After lunch I sat in on a round table with a group trying to get out the message on a single payer system.  Our insurance companies currently take between 20% and 25% of our health care dollar and return nothing of value (physicians get 9%).  For every doctor we have two people employed by the insurance industry.  Doing away with the insurance companies would not cure all, but it could go a long way.  A doctor at the table made the comment that we already have a model for a single payer system in this country, TriCare, which gives medical care to Department of Defense, and the Veteran’s Administration.

Yet American doctors love to hate the single-payer Canadian system.

We all voiced frustrations with currently available Electronic Medical Record (EMR) systems.  Updates uniformly brought progressive loss of functionality.  The VA’s system, in use for decades with no updates, continues to function well.
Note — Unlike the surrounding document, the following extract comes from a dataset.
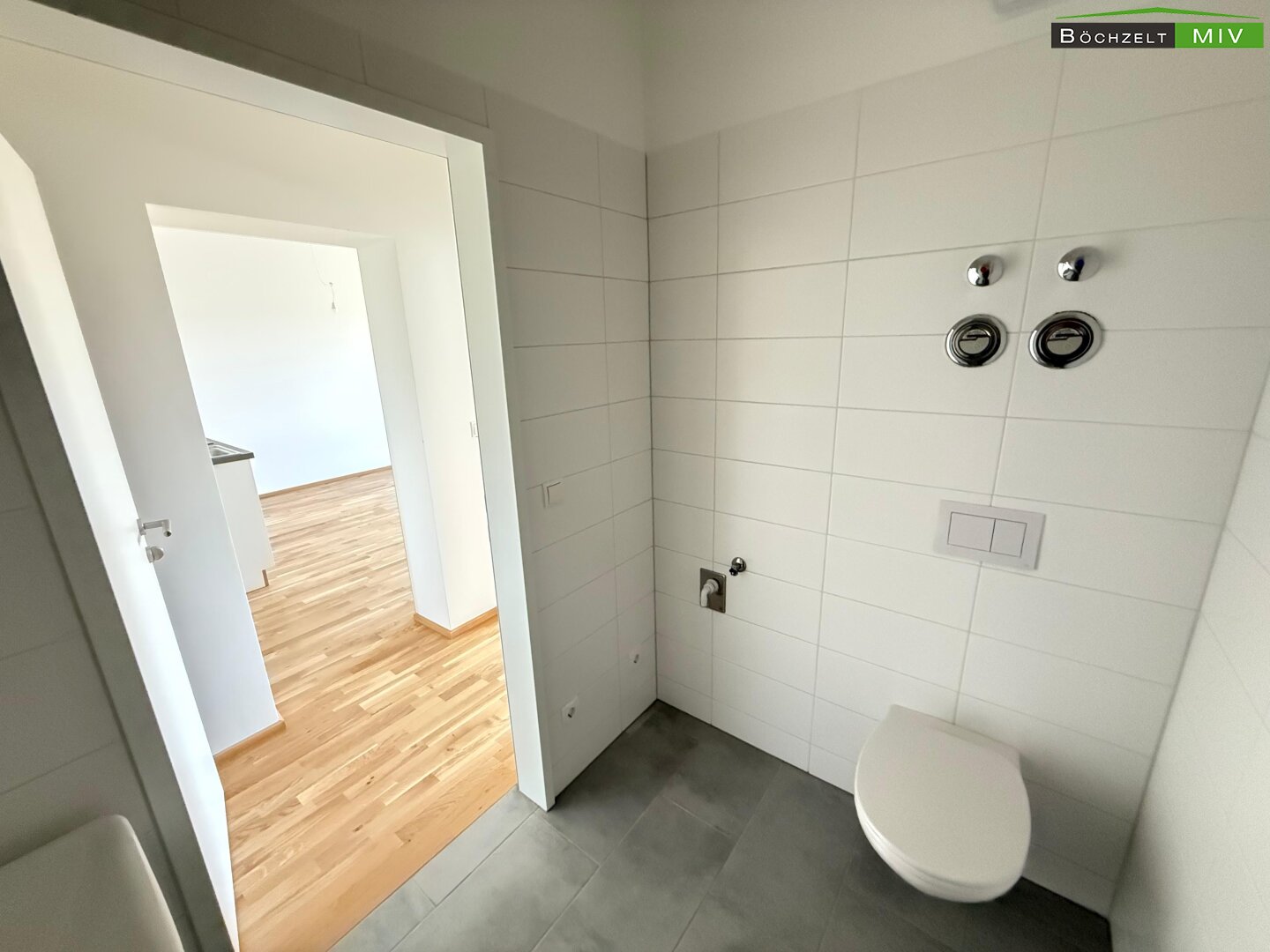 Die Raumaufteilung der Top 2, 5, 8 lautet wie folgt: Vorraum, möblierte Küche mit Wohnbereich, Schlafzimmer, Badezimmer mit WC.

I talked about my experience in New Zealand, a polite society with a very good medical system and a single, nation-wide EMR.  Socialized medicine, but ruled by reason.

Doctors in the US have seen their productivity fall by 25% since Obamacare; we spend increasing amounts of time keyboarding and jumping through regulatory hoops.  We devote more time to documenting the visit than we spend with the patient.  We have few options:  live with the way things are, move, find another line of work, or go to Direct Patient Care (DPC).

DPC means that the patient pays the doctor directly.  In concierge practices, a fixed yearly amount brings the doctor’s promise to limit the panel of patients to a fixed number and provide quick access with unlimited long appointments.

Other DPC docs perform primary care services, take cash only, and give the patient a receipt.  The patient can, if they choose, submit the bill to the insurance company.  Dealing with insurance requires one employee per doctor; elimination of insurance means lower overhead.  More than that, senseless time-sucking regulations can be ignored.

I hear doctors speak seriously about moving.  They would take a cut in pay to spend more time with patients and deal with a more reasonable system, even a single-payer system.

I want to work in Canada to experience it first-hand.  And when I come back, I might work locums for the Department of Defense and/or for the VA.